Any model of ministry that minimizes the strangeness of our message to unbelieving ears is a dead end. Our message sounds foolish and offensive to the world, and yet “the foolishness of God is wiser than men, and the weakness of God is stronger than men.” (1 Corinthians 1:25)

The Strangeness of What We Do

We don’t just believe strange things. We do some strange things too.

I was speaking to friends one day at a coffee shop. Our seats were beside a sidewalk. I was explaining how strange we must seem to even new Christians in our church. We believe that men and women are equal but not interchangeable. We believe that sex is meant for marriage between one man and one woman. We believe that the first step of the Christian life is to be submerged under water to signify one’s death and new life in Christ. It’s all so unusual. As I spoke, a person overheard part of our conversation and glared at me. It seems she agreed with me that it’s not palatable at all.

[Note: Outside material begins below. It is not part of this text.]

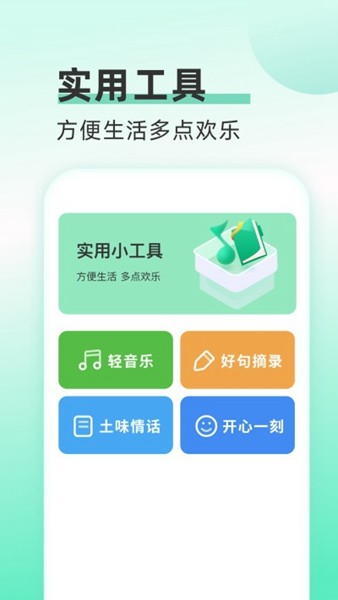 除了监控流量,“欢乐流量宝”还有一些有趣的小工具,比如听音乐、土味情话、好句摘录和开心一刻这些功能,让使用app的过程不再无聊。这种设计挺贴心的,不仅实用还能带来一些乐趣,用起来应该会很舒服。

So much of what we do is strange. Investing thousands of dollars in kingdom work is strange. Baptizing people is strange. Singing to God is strange. Listening to somebody preach from a document that’s thousands of years old is strange. It’s getting harder to pretend that what we do is just a Christian version of a concert and a TED Talk with good childcare. Churches are going to seem increasingly out of step with culture.

Corinth was a sophisticated, secular city with a preference for slick presentations of human ingenuity. The formula could have been easily adapted for use within the church. Come to town. Package your ideas. Gain a hearing. Live a lifestyle that matched the expectations. Win people to the gospel, and benefit from the financial perks. I can imagine how attractive this formula must have been as a way to communicate the gospel inoffensively to the culture.

Paul wanted nothing to do with it.

Paul knew that the gospel never lines up with the world’s values. He knew that the truth of the gospel could be compromised by how he communicated the gospel. He drew criticism from many in the church in Corinth because he broke their expectations of how to communicate the gospel. He knew the message of the gospel was strange in the eyes of the world (1 Corinthians 1:20-25), and he was okay with his methods looking strange too (1 Corinthians 2:1-5).

The Path Forward

I’m not arguing that we should erect unnecessary barriers. I am arguing, though, that we embrace the strangeness of both our message and our methods, and trust that the foolishness of God indeed is wiser than the wisdom of this world.

The world doesn’t need more of the world. We can’t market or entertain better than the world can, nor should we. Using the world’s methods to communicate a palatable gospel is a distortion of the Christian faith.

For thousands of years, the world has been changed by churches that faithfully preach a strange gospel and do strange things while pointing to a crucified Savior. It’s what the world has always needed most.